Afghanistan heads agenda for Hague in US

William Hague will hold talks in Washington today on his first overseas visit after being appointed Foreign Secretary in the new coalition government.

The conflict in Afghanistan is likely to top the agenda for his discussions with United States secretary of state Hillary Clinton.

Mr Hague has promised to pursue a "solid but not slavish relationship" with America, while recognising the "huge importance" of the so-called special relationship.

He arrives hot on the heels of a four-day visit by Afghan president Hamid Karzai - who he has said would be urged by the new power-sharing administration to meet his commitments.

The Government "will give time and support for the strategy to succeed" but "that does involve the government of president Karzai implementing any commitments that it has made.

"He has been in Washington all week, president Karzai, working with the US government on their strategic partnership for the future, on implementing the commitments made, so of course we are hoping he will do that," the Foreign Secretary told the BBC.

He said British troops would remain in Afghanistan until "their job is done" and refused to set any "artificial deadline" for the withdrawal of armed forces from the conflict zone.

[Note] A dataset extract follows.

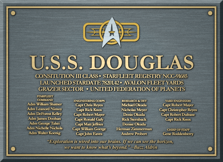 The USS Douglas was named after the preceding Constitution-class USS Douglas NCC-1865 which was active in the year 2256 and experienced action in the Federation-Klingon War of 2256-2257.
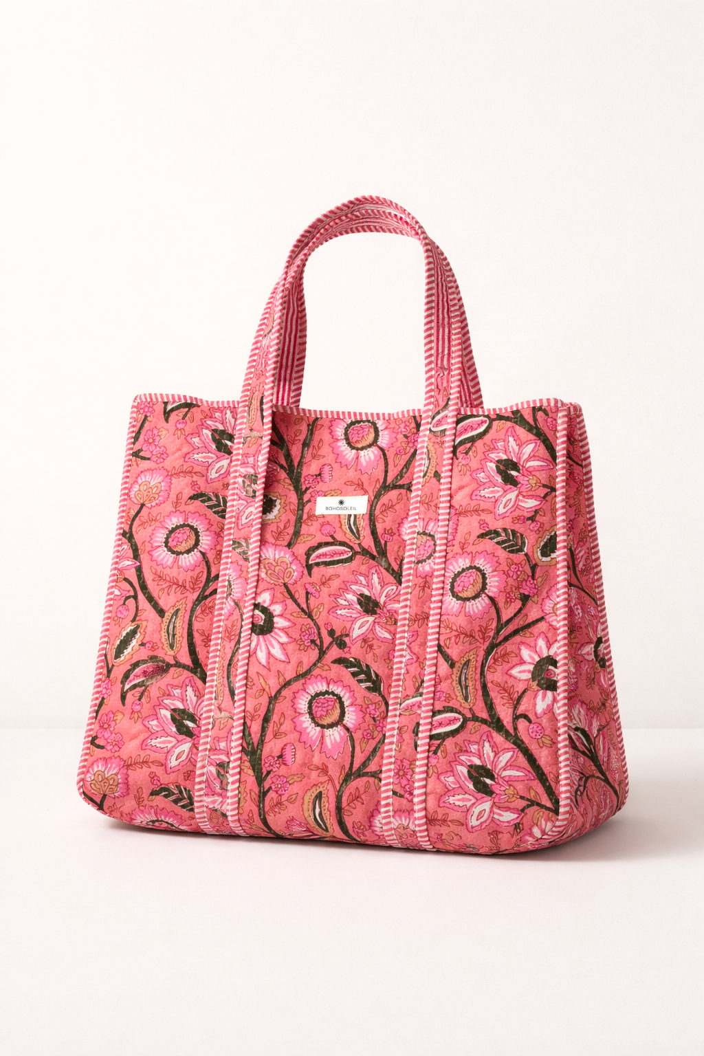Le block print indien est un savoir-faire transmis de génération en génération. L’impression manuelle révèle de légères variations dans le motif, signature du travail artisanal et gage d’un produit unique. Le coton matelassé apporte structure, douceur et résistance, tout en renforçant l’allure haut de gamme du cabas.

"We will take stock together, but we are not looking here at setting artificial deadlines, arbitrary deadlines, a date of withdrawal," he said.

There were no "sharp differences" between the approaches of the Conservatives and their Liberal Democrat coalition partners on the conflict, he insisted.

US President Barack Obama was the first world leader to telephone David Cameron to congratulate him on becoming Prime Minister.

His country had "no closer friend and ally than the United Kingdom", Mr Obama told him and extended an invitation to the White House in July.

Asked about the special relationship as he took up his new role, Mr Hague said: "No doubt we will not agree on everything,

"But they remain, in intelligence matters, in nuclear matters, in international diplomacy, in what we are doing in Afghanistan, the indispensable partner of this country.

"So that approach will be very much alive under this coalition Government."

General Sir Richard Dannatt, the former head of the Army, said he thought David Cameron and Nick Clegg understood that Afghanistan "is a really important issue".

He told BBC Radio 4's Today programme: "It was no surprise I think that William Hague has gone to the United States this morning and top of the agenda is Afghanistan.

"It is absolutely right that our government, the US government talks about these things and we are all absolutely clear that a) this is important, b) it's got to be done well and let's get on with it as quickly as we can."